Land tax becomes respectable part of tax debate

After decades of political pressure that systematically clawed back state and local government’s ability to tax land, the debate has now swung back to this most efficient of taxes.

Land taxes are apparently a hot topic for debate at the years NSW Labor annual conference.

New sweet-talking Prime Minister Malcolm Turnbull even said the formerly unspeakable words on national television over the weekend (at the 6.30minute minute mark). Though he says while it is a great policy economically, it is politically 11 out of 10 in terms of difficulty. No $hit. When your voter based is dominated by homeowners, and your party made up of the country’s wealthiest landowners, you ain’t got a chance.

Let’s do the hypothetical anyway.
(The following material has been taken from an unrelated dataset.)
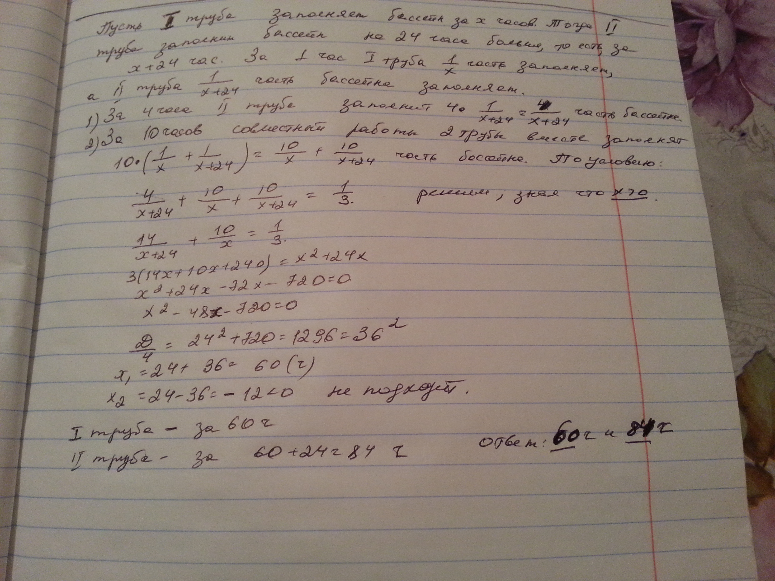 Пожалуйста Через первую трубу можно заполнить бассейн на 24 ч быстрее ,чем через вторую. Сначала открыли вторую трубу ,а через 4 часа -первую.Через 10 часов совместной работы двух труб водой было заполнено 1/3 часть бассейна. За сколько часов может наполнить бассейн каждая труба самостоятельно

How much could be raised from state land taxes?

In NSW just the exemptions to the current 1.6% (2% over 2.5million in value) land tax amount to $700million per year.
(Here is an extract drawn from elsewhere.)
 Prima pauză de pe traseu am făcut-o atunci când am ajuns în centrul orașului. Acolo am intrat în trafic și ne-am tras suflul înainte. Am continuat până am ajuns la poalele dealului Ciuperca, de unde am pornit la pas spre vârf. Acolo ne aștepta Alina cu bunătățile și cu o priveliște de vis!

In Queensland the exemptions to the current land tax regime cost the state $1.3billion in 2014-15, with the components of the costs of the exemptions summarised in the below image.
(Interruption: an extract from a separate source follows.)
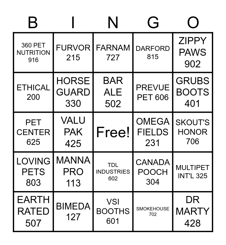 This bingo card has a free space and 24 words: MANNA PRO 113, BIMEDA 127, BAR ALE 502, EARTH RATED 507, ZIPPY PAWS 902, 360 PET NUTRITION 916, ETHICAL 200, FURVOR 215, OMEGA FIELDS 231, TDL INDUSTRIES 602, PREVUE PET 606, PET CENTER 625, CANADA POOCH 304, MULTIPET INT'L 325, HORSE GUARD 330, SMOKEHOUSE 702, SKOUT'S HONOR 706, FARNAM 727, GRUBS BOOTS 401, VALU PAK 425, DR MARTY 428, LOVING PETS 803, DARFORD 815 and VSI BOOTHS 601.
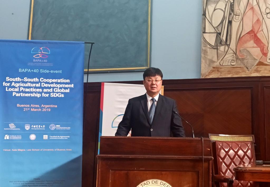 2019年3月21日,作为“一带一路”南南合作农业教育科技创新联盟成员单位,beat365党委副书记、校长张传辉教授赴阿根廷出席第二届联合国南南合作高级别会议(BAPA+40)边会及“一带一路”南南合作农业教育科技创新联盟推进全球南南农业合作工作研讨会。

Yes, you will see a $23million per year land developers concession - at tax with the exact opposite incentives to efficient tax, reducing the cost of not developing land.


In Victoria land tax concessions are forecast to cost $2.9biliion in the current financial year, amongst a bunch of other concessions that amounted to a total of $4.9billion. See the summary from the budget papers below.


So just in these three east coast states we have about $5billion per year just in land tax exemptions, plus many billions in other exemptions, including on gambling. If we remove the land tax concessions and double the land tax rate to around 4%, these three states could raise another $13billion every year.

But that is just the start of the tax concessions for the nation’s wealthiest.

What about another tax loophole? The capital gains tax exemptions. Treasury estimates it costs the country $56billion per year.

Or discounted taxation on super contributions? There’s another $27billion per year.

There are simply billions lying on the table in obvious tax loopholes for the rich, with land tax exemptions just one of many.

We have seen one big change - saying the words land tax has become acceptable for a politician. Now let’s hope this change starts snowballing, and that states can fight the propaganda of vested interests to use their tax powers more wisely and efficiently.

1 comment:

  1. Wow! That's interesting Cam. How much neutrality there would be if the exemptions were reversed and applied to income tax and company tax cuts to the same value. What effect would 80+ billion in tax cuts across progressive income tax rates and a flat company tax rate have, and who would benefit most? Would the value flow back into the same accounts?